By a systematic literature search in MEDLINE, EMBASE, and Cochrane databases, we identified and screened titles and abstracts of 3264 studies published from 2012 to 2017. Of these, 65 studies were read in full-text for assessment of eligibility and 27 studies were ultimately included and assessed for quality by SIGN-50 checklists. No studies compared patient outcome with and without prehospital POCUS. Four studies of acceptable quality demonstrated feasibility and changes in patient management in trauma. Two studies of acceptable quality demonstrated feasibility and changes in patient management in breathing difficulties. Four studies of acceptable quality demonstrated feasibility, outcome prediction and changes in patient management in cardiac arrest, but also that POCUS may prolong pauses in compressions. Two studies of acceptable quality demonstrated that short (few hours) teaching sessions are sufficient for obtaining simple interpretation skills, but not image acquisition skills. Three studies of acceptable quality demonstrated that longer one- or two-day courses including hands-on training are sufficient for learning simple, but not advanced, image acquisition skills. Three studies of acceptable quality demonstrated that systematic educational programs including supervised examinations are sufficient for learning advanced image acquisition skills in healthy volunteers, but that more than 50 clinical examinations are required for expertise in a clinical setting.

CONCLUSION

Prehospital POCUS is feasible and changes patient management in trauma, breathing difficulties and cardiac arrest, but it is unknown if this improves outcome. Expertise in POCUS requires extensive training by a combination of theory, hands-on training and a substantial amount of clinical examinations - a large part of these needs to be supervised.

摘要

背景

2011 年,即时床旁超声(POCUS)的作用被定义为医生提供院前危重症护理的五个优先研究重点之一,并提出了未来的研究课题;可行性、对患者管理的影响以及对提供者的教育。本系统综述旨在通过纳入研究,评估这三个课题,这些研究包括对所有接受各种院前 POCUS 检查的院前患者和任何形式的院前危重症护理提供者的 POCUS 教育进行检查。

方法和结果

通过在 MEDLINE、EMBASE 和 Cochrane 数据库中进行系统文献检索,我们确定并筛选了 2012 年至 2017 年发表的 3264 项研究的标题和摘要。

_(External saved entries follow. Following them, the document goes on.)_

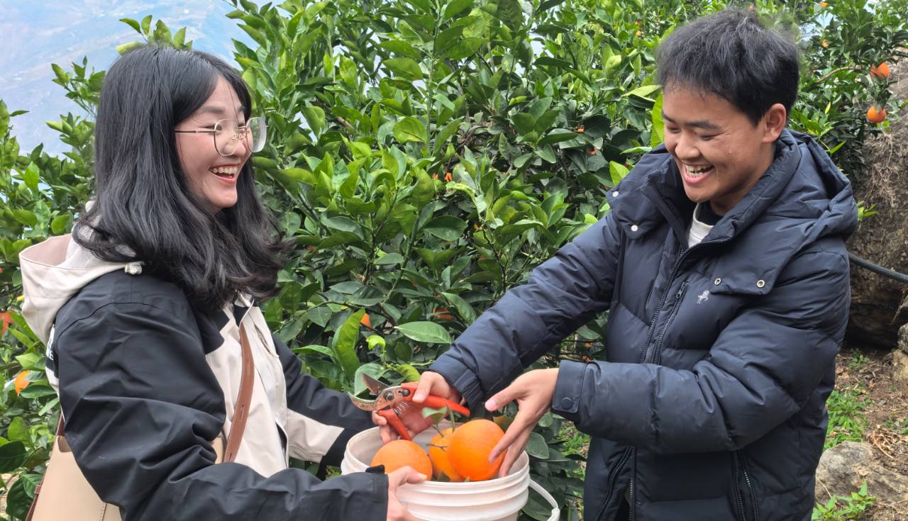 会泽县游客孟玉仙和朋友慕名而来,中午品尝长街宴特色务基髈、游览桃花岛后,走进脐橙林采摘。她捧着又红又大的脐橙激动地说:“这趟来得太值了!这里的脐橙又甜又多汁,风景也美,下次我还要带家人一起来!”
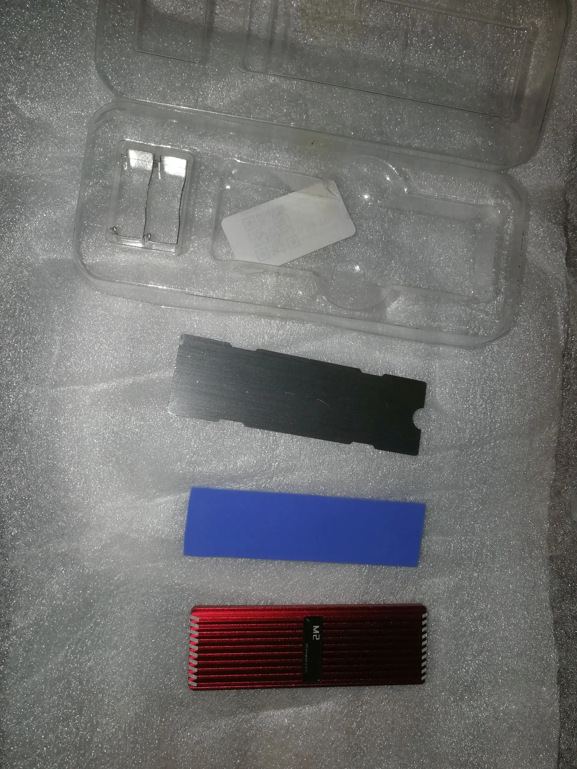 Качество хорошее. В комплекте 2 алюминиевые пластины, нижняя тонкая и верхняя с рёбрами, 3 термопрокладки (2 тонкие и 1 толстая), и 2 скобы. Диск HP EX920 прям плотно сел, с трудом защёлкнул скобы, даже с 2 тонкими. Сломать конечно не думаю что можно, но было боязно. Думаю зато контакт будет прям наиплотнейший. Температура в среднем на 10 градусов понизилась. Сам радиатор компактный, не думаю что он где либо будет мешаться, это у кого под видеокарту ставится диск, у меня в свободном месте, эстетично и практично.
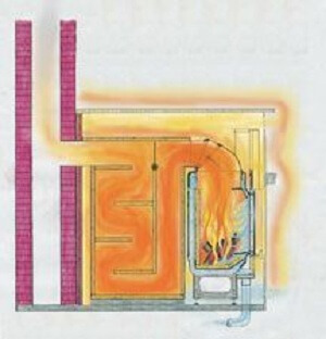 Для повышения КПД устройство оснащено трехходовым газоходом.
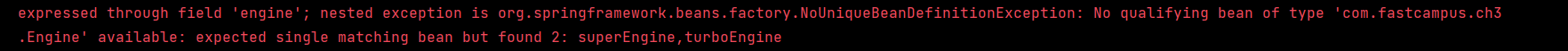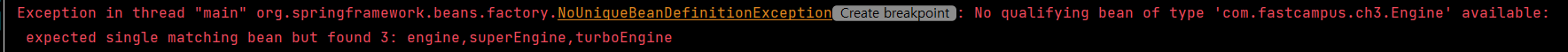Engine.class๋ type๊ณผ ์ผ์นํ๋ ๊ฐ์ฒด๊ฐ 3๊ฐ๋ ์์ด์ ๋ฌด์์ ๊ฐ์ฒด ์ ์ธ๋ถ์ ์ฐ๊ฒฐํด์ค์ผ ํ ์ง ๋ชจ๋ฅด๊ฒ ๋ค๋ ๊ฒ์ด๋ค.
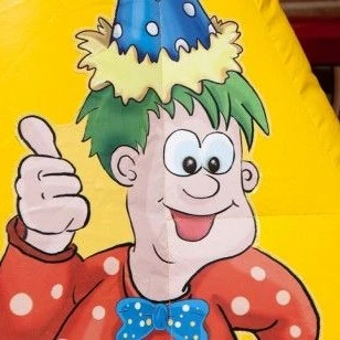 Het springkussen in Feestthema heeft een mooie full colour print met toffe tekeningen, wat het springkussen een geweldige uitstraling geeft. De vrolijke kleuren oranje, groen en geel maken dat het feestelijke thema helemaal tot leven komt.
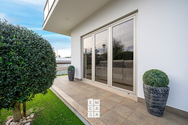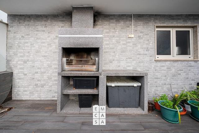 O exterior é bastante agradável, com zona verde e área de churrasqueira, ideal para momentos de lazer em família ou com amigos.
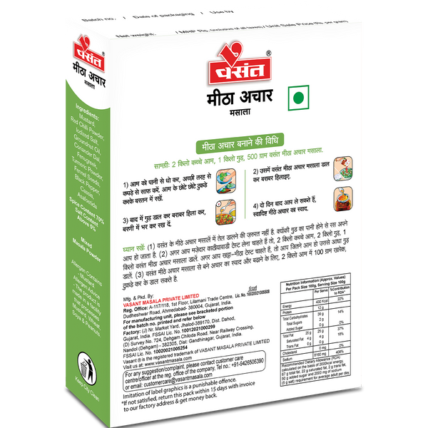 When you are buying the Sweet Achar masala from Vasant Masala, you do not have to worry about the quality of the spices and the process. We assure you that our products have the same purity as your mother's love.
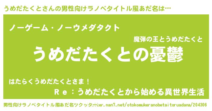 | ヒーロー風カッコイイあだ名 | 『スーパーウメダタクト』『仮面ウメダー』 |
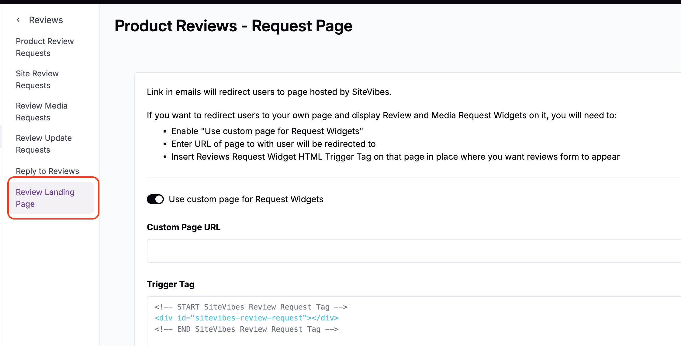 <!-- END SiteVibes Review Request Tag -->In SiteVibes and the Reviews Page, Add the full URL in the 'Custom Page URL'

其中,65 项研究进行了全文阅读,以评估其合格性,最终有 27 项研究被纳入,并通过 SIGN-50 清单进行了质量评估。没有研究比较过有和没有院前 POCUS 的患者结局。四项质量可接受的研究表明在创伤中具有可行性并改变了患者的管理。两项质量可接受的研究表明在呼吸困难中具有可行性并改变了患者的管理。四项质量可接受的研究表明在心脏骤停中具有可行性、预后预测和改变患者的管理,但也表明 POCUS 可能会延长按压暂停时间。两项质量可接受的研究表明,短时间(数小时)的教学课程足以获得简单的解释技能,但不足以获得图像采集技能。三项质量可接受的研究表明,包括实际操作培训在内的一到两天的长课程足以学习简单但不高级的图像采集技能。三项质量可接受的研究表明,系统的教育计划包括监督检查足以让健康志愿者学习高级的图像采集技能,但在临床环境中需要 50 多次以上的临床检查才能达到专业水平。

结论

院前 POCUS 是可行的,并且改变了创伤、呼吸困难和心脏骤停患者的管理,但尚不清楚这是否能改善结局。POCUS 专家需要通过理论、实践培训和大量的临床检查相结合来进行广泛的培训,其中大部分需要监督。